» **AVAILABLE DATA**:
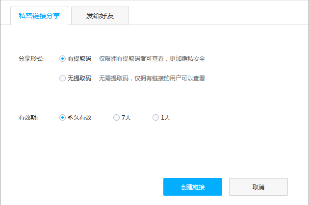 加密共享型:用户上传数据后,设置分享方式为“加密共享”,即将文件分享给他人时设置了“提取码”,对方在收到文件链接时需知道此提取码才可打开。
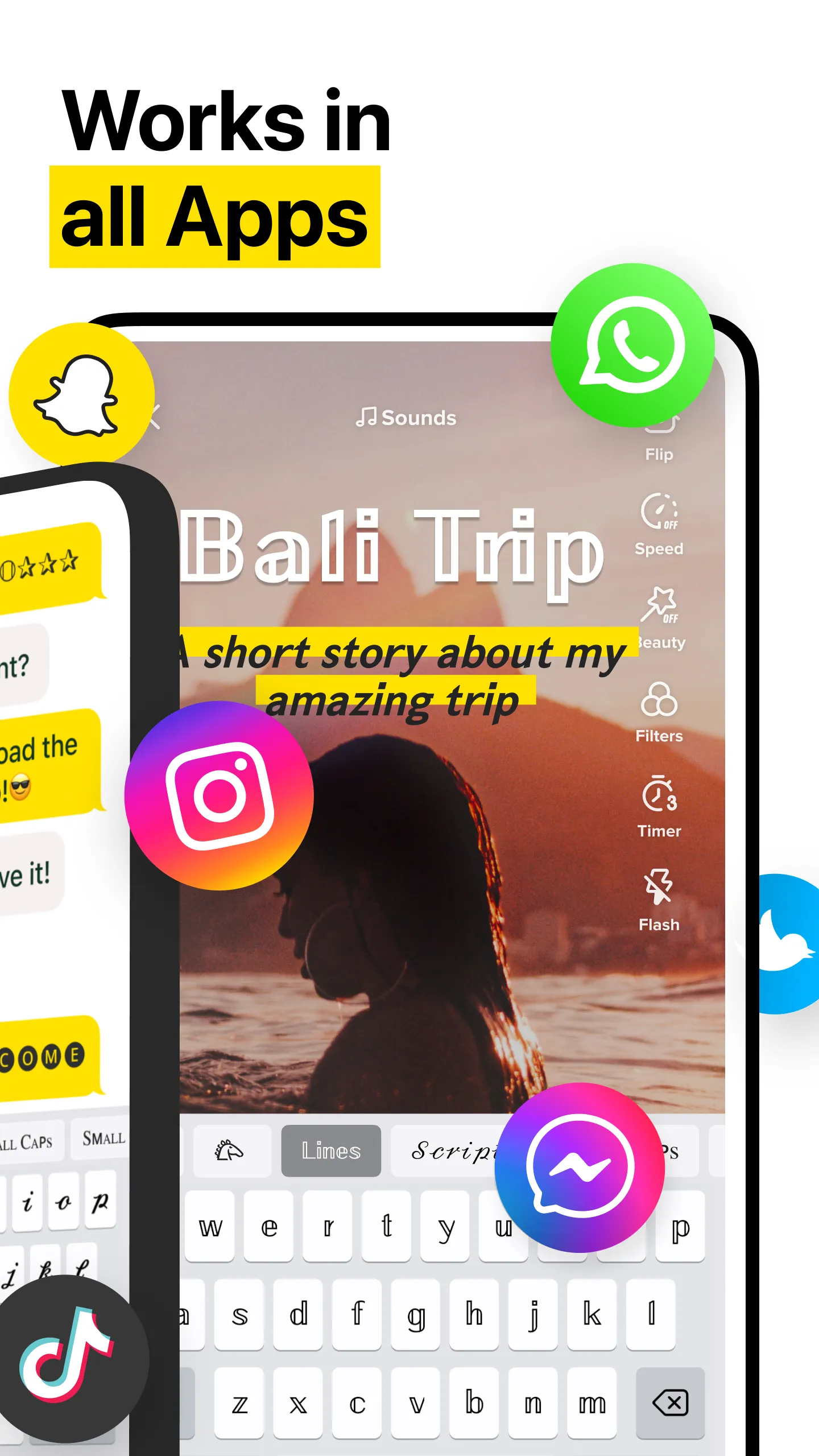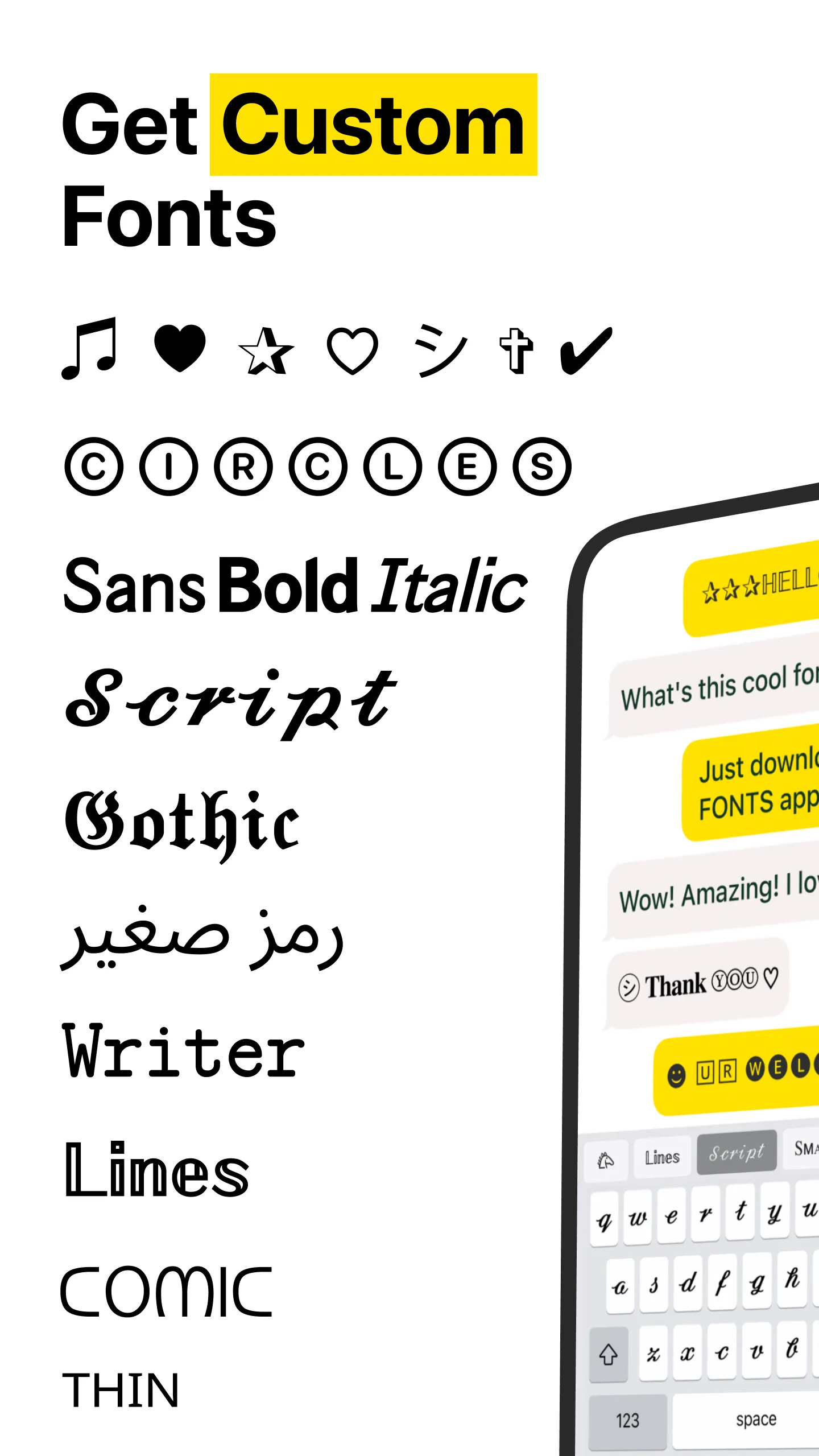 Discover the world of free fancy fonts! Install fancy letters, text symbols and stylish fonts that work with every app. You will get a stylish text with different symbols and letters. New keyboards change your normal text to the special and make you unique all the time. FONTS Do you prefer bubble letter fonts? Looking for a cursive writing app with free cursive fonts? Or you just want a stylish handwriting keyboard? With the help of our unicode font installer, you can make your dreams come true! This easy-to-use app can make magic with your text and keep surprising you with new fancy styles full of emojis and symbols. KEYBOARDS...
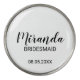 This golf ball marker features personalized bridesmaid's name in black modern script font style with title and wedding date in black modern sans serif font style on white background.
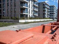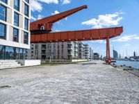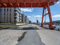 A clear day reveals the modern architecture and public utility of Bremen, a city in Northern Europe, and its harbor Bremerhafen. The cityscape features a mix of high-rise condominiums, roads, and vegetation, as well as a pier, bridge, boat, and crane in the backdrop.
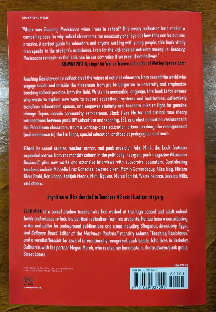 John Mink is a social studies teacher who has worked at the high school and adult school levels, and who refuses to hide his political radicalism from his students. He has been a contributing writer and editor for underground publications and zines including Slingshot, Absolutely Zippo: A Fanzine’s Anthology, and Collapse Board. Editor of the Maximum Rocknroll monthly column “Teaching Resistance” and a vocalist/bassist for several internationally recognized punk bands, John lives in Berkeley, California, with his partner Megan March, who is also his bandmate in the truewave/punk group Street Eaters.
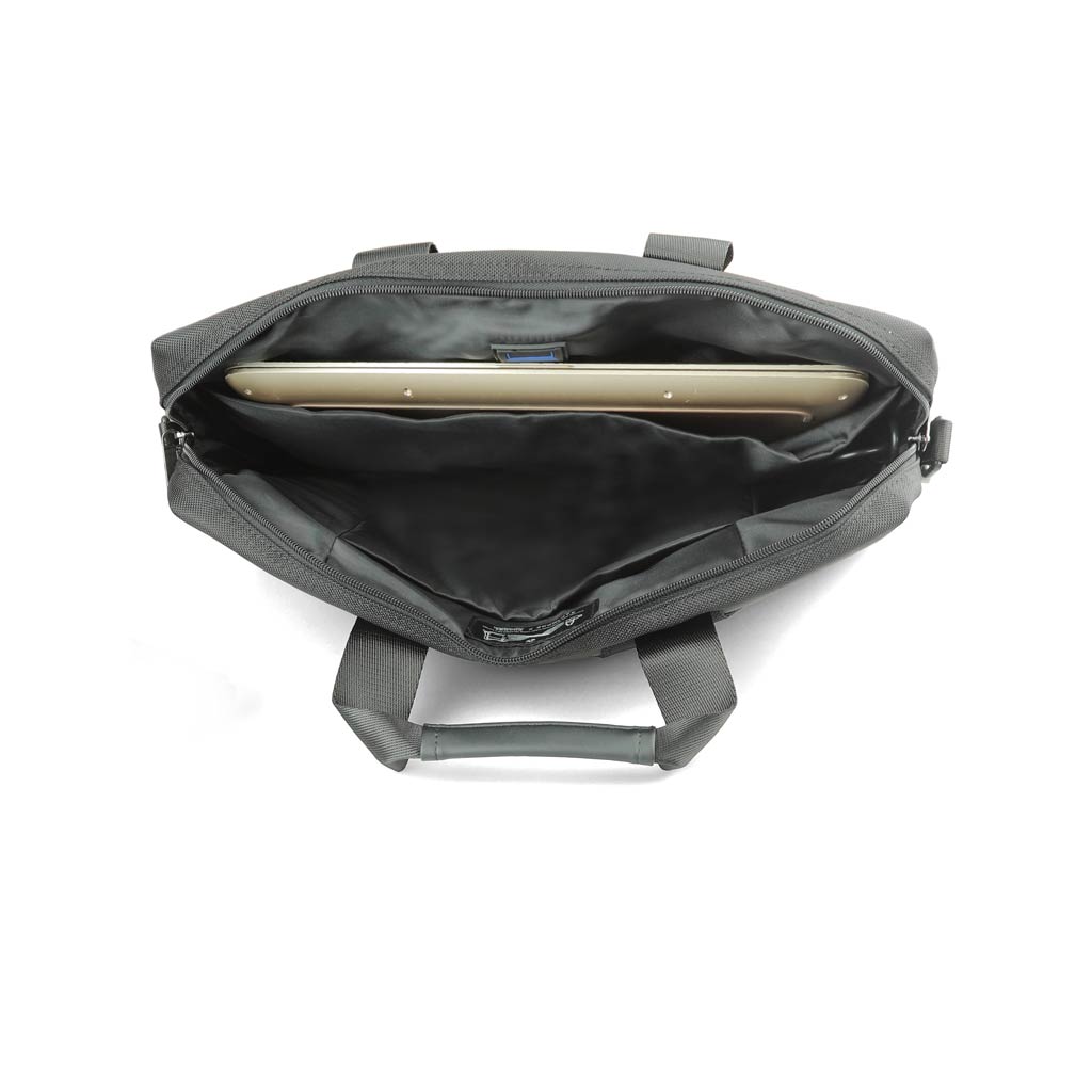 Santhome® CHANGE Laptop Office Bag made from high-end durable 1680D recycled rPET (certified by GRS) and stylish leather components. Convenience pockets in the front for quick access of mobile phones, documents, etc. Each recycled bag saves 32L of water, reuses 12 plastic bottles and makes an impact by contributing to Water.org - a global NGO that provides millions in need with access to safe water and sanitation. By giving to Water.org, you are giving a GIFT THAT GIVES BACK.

» **WHAT TO DO**: Repeat the data above exactly, but not the pictures.

» **YOUR SOLUTION**:
 加密共享型:用户上传数据后,设置分享方式为“加密共享”,即将文件分享给他人时设置了“提取码”,对方在收到文件链接时需知道此提取码才可打开。
 Discover the world of free fancy fonts! Install fancy letters, text symbols and stylish fonts that work with every app. You will get a stylish text with different symbols and letters. New keyboards change your normal text to the special and make you unique all the time. FONTS Do you prefer bubble letter fonts? Looking for a cursive writing app with free cursive fonts? Or you just want a stylish handwriting keyboard? With the help of our unicode font installer, you can make your dreams come true! This easy-to-use app can make magic with your text and keep surprising you with new fancy styles full of emojis and symbols. KEYBOARDS...
 This golf ball marker features personalized bridesmaid's name in black modern script font style with title and wedding date in black modern sans serif font style on white background.
 A clear day reveals the modern architecture and public utility of Bremen, a city in Northern Europe, and its harbor Bremerhafen. The cityscape features a mix of high-rise condominiums, roads, and vegetation, as well as a pier, bridge, boat, and crane in the backdrop.
 John Mink is a social studies teacher who has worked at the high school and adult school levels, and who refuses to hide his political radicalism from his students. He has been a contributing writer and editor for underground publications and zines including Slingshot, Absolutely Zippo: A Fanzine’s Anthology, and Collapse Board. Editor of the Maximum Rocknroll monthly column “Teaching Resistance” and a vocalist/bassist for several internationally recognized punk bands, John lives in Berkeley, California, with his partner Megan March, who is also his bandmate in the truewave/punk group Street Eaters.
 Santhome® CHANGE Laptop Office Bag made from high-end durable 1680D recycled rPET (certified by GRS) and stylish leather components. Convenience pockets in the front for quick access of mobile phones, documents, etc. Each recycled bag saves 32L of water, reuses 12 plastic bottles and makes an impact by contributing to Water.org - a global NGO that provides millions in need with access to safe water and sanitation. By giving to Water.org, you are giving a GIFT THAT GIVES BACK.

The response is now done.